Copy the lines of the data below exactly, starting at the first and stopping after the line that contains "H. 'Twilight Tarantula'"; include no pictures.

Segment Start: DATA FOR THIS TASK

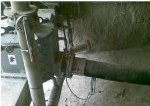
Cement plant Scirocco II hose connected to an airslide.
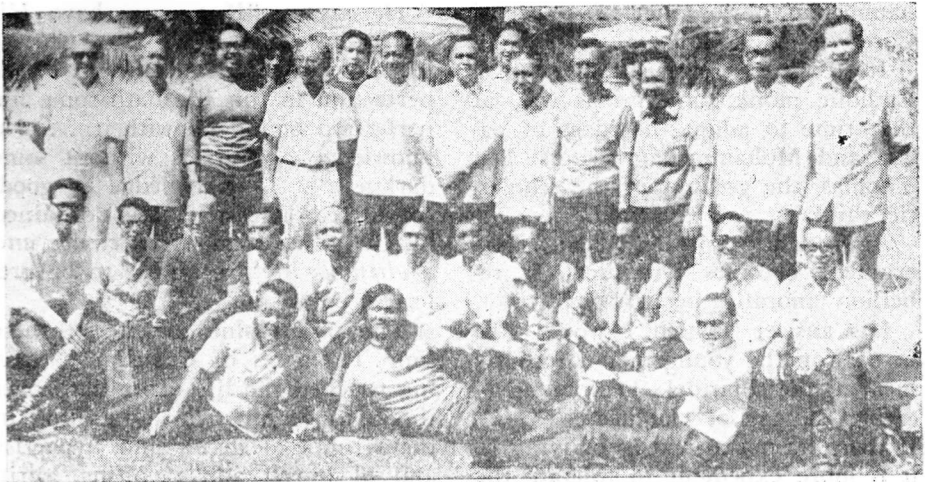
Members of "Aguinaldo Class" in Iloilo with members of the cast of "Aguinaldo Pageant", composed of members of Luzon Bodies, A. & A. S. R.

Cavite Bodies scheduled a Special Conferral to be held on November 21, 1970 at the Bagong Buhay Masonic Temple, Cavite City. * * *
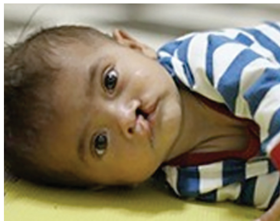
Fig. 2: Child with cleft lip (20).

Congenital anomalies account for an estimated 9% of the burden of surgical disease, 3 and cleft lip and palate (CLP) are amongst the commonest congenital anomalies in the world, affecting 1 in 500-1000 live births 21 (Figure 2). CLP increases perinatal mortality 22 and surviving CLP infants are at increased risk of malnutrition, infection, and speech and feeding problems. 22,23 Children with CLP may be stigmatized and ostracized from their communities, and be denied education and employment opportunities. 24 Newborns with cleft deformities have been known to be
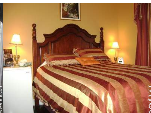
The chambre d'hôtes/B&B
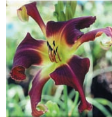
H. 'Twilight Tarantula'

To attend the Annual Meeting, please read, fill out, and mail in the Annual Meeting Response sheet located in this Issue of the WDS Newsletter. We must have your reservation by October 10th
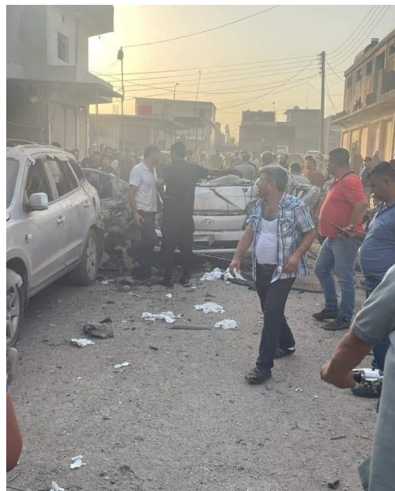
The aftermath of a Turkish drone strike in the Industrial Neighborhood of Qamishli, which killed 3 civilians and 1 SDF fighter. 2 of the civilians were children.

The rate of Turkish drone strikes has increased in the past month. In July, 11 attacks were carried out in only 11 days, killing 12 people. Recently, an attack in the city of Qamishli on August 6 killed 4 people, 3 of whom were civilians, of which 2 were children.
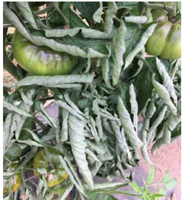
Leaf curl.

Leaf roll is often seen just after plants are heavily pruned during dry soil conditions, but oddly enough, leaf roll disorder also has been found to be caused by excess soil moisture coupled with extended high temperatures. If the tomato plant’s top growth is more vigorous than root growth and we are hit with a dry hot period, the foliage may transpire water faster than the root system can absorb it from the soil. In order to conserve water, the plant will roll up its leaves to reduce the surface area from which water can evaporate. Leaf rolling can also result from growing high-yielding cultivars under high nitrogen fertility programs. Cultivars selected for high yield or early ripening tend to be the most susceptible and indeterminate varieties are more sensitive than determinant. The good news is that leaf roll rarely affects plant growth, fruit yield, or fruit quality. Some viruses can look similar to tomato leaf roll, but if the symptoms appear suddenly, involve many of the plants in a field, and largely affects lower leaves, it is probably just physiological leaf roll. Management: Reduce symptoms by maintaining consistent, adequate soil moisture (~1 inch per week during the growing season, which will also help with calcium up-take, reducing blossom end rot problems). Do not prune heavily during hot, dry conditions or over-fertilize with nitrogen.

Segment End: DATA FOR THIS TASK

** ANSWER TO THIS PROBLEM **
Cement plant Scirocco II hose connected to an airslide.
Members of "Aguinaldo Class" in Iloilo with members of the cast of "Aguinaldo Pageant", composed of members of Luzon Bodies, A. & A. S. R.

Cavite Bodies scheduled a Special Conferral to be held on November 21, 1970 at the Bagong Buhay Masonic Temple, Cavite City. * * *
Fig. 2: Child with cleft lip (20).

Congenital anomalies account for an estimated 9% of the burden of surgical disease, 3 and cleft lip and palate (CLP) are amongst the commonest congenital anomalies in the world, affecting 1 in 500-1000 live births 21 (Figure 2). CLP increases perinatal mortality 22 and surviving CLP infants are at increased risk of malnutrition, infection, and speech and feeding problems. 22,23 Children with CLP may be stigmatized and ostracized from their communities, and be denied education and employment opportunities. 24 Newborns with cleft deformities have been known to be
The chambre d'hôtes/B&B
H. 'Twilight Tarantula'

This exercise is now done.